DELL, EEE, Proxmox, HA and Restarting servers

Nov 2, 2023
20
0
1
Good afternoon everyone.

Currently we have three DELL R740 servers in the company and we have Proxmox 8.3.2, which are configured in a cluster with high availability and we use CEPH.
For some time now we have had unexpected restarts in the three local servers that the company has when we have congestion or a failure in the network.
Checking on the Internet we found a possible cause for the restarts and it is that in the BIOS of each server the Energy-Efficient Ethernet (EEE) option is active. We do some tests by disconnecting the network cables from the server and it turns off after a short time. So, when we disable the Energy-Efficient Ethernet (EEE) option on each network card in the BIOS and we do the tests again we do not have any restart of the server, that is, it stays on.
So far so good, but when I check in Proxmox that even though a virtual machine that we have configured on the server we tested did not perform the high availability process and the virtual machine did not move to another server in the cluster.
Seeing this, we re-enable the Energy-Efficient Ethernet (EEE) option in the BIOS and after this we observe that high availability did work on the aforementioned virtual machine.
Could someone help me solve this case of the servers not restarting after a network failure, but also having high availability work?

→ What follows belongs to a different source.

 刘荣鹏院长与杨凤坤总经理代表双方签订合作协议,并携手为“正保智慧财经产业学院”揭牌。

https://www.dell.com/support/kbdoc/...icient-ethernet-eee-or-green-ethernet?lang=en

José Fermín Francisco Ferreras
 
Last edited:
Wrong Forum
 
Good afternoon everyone.

Currently we have three DELL R740 servers in the company and we have Proxmox 8.3.2, which are configured in a cluster with high availability and we use CEPH.
For some time now we have had unexpected restarts in the three local servers that the company has when we have congestion or a failure in the network.
Checking on the Internet we found a possible cause for the restarts and it is that in the BIOS of each server the Energy-Efficient Ethernet (EEE) option is active. We do some tests by disconnecting the network cables from the server and it turns off after a short time. So, when we disable the Energy-Efficient Ethernet (EEE) option on each network card in the BIOS and we do the tests again we do not have any restart of the server, that is, it stays on.
So far so good, but when I check in Proxmox that even though a virtual machine that we have configured on the server we tested did not perform the high availability process and the virtual machine did not move to another server in the cluster.
Seeing this, we re-enable the Energy-Efficient Ethernet (EEE) option in the BIOS and after this we observe that high availability did work on the aforementioned virtual machine.
Could someone help me solve this case of the servers not restarting after a network failure, but also having high availability work?

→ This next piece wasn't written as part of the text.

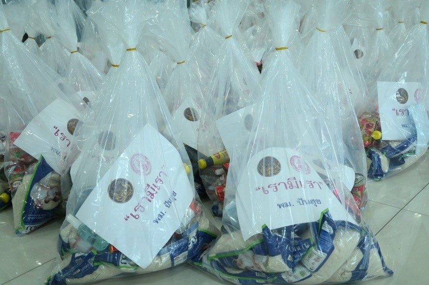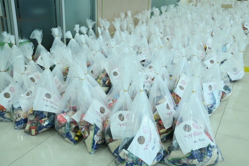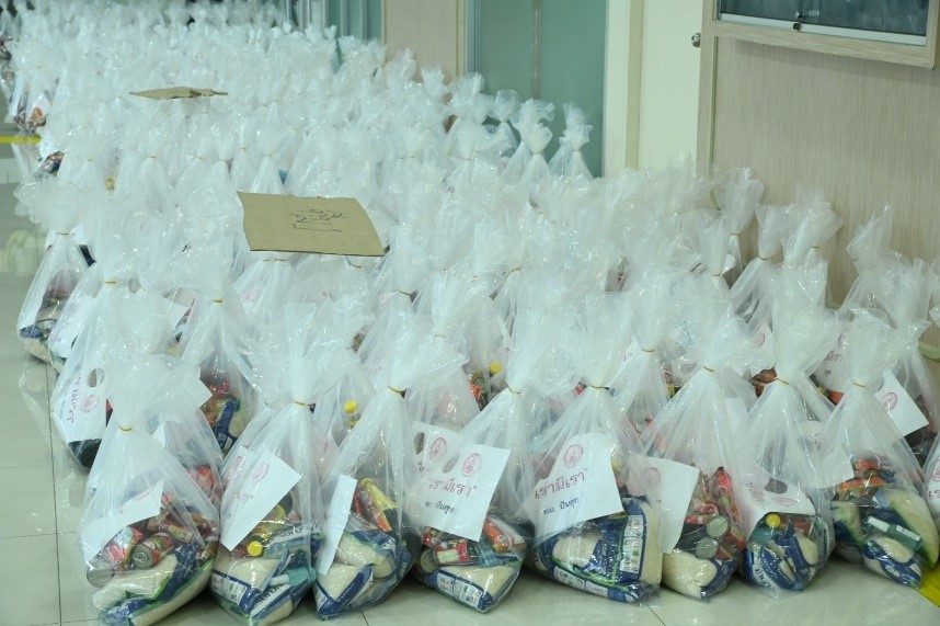 ของที่ได้รับบริจาคจำนวนมากทยอยแพ็คใส่ถุงยังชีพ เพื่อให้อาสาสมัคร พม. นำไปให้กับกลุ่มเปราะบางทั่วกรุงเทพฯ
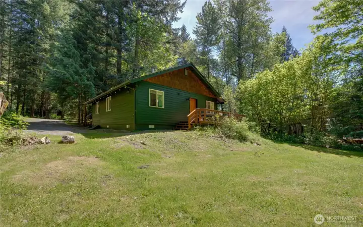 Enjoy your very own mountain retreat in the desirable Glacier Springs community. This well maintained VERY hard to find single level full 3 bd 2 bath cabin on a private lot will go fast! The fully furnished cabin features open kitchen, living room and dining area, breakfast bar, wood burning stove, larger yard and wrap around deck. The cabin was recently updated with fresh interior and exterior paint, new wood flooring, cabinets, countertops, sink, dishwasher and beverage fridge. This home is move in ready perfect for your vacation home or a short term rental. Only 30 minutes to the world famous Mt Baker Ski Area and not far from hiking and biking trails!

https://www.dell.com/support/kbdoc/...icient-ethernet-eee-or-green-ethernet?lang=en

José Fermín Francisco Ferreras

Wrong Sub-Forum.

For Migration set this:
1741341040726.png
 
So far so good, but when I check in Proxmox that even though a virtual machine that we have configured on the server we tested did not perform the high availability process and the virtual machine did not move to another server in the cluster.
What exactly happend on the network and pve hosts when the VM did not move to another host in the cluster?

Could someone help me solve this case of the servers not restarting after a network failure, but also having high availability work?
Remember that PVE HA will only try to restart VMs configured for HA if the host loses quorum, and for that all corosync links have to fail. It will not move a VM if just "a network" fails.

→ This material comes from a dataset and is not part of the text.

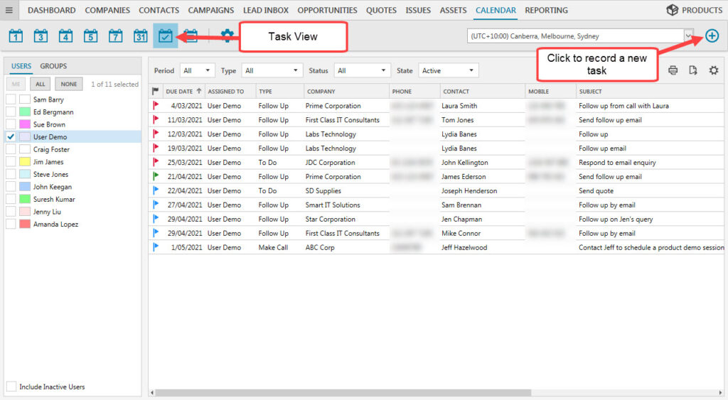 Legrand CRM provides the flexibility for you to record tasks and appointments/calendar events in multiple ways. To record a new task in the Calendar module simply switch to the Task View and click on the icon as shown.

EEE should be disabled in a PVE cluster. I suppose that EEE takes down your corosync interfaces, so the host loses quorum, HA fences the host (reboots it) and VMs are moved to other host of the cluster.
 
  • Like
Reactions: smueller
Wrong Sub-Forum.

For Migration set this:
View attachment 83366
Hi smueller
Today we made some changes to Proxmox, we made the changes you recommended. A test was done on a node without virtual machines, the network cables were disconnected and the node did not restart, but when the node has at least one virtual machine and the same test is performed, the node waits for the virtual machine that is on it to be migrated and then it restarts. Why does this happen?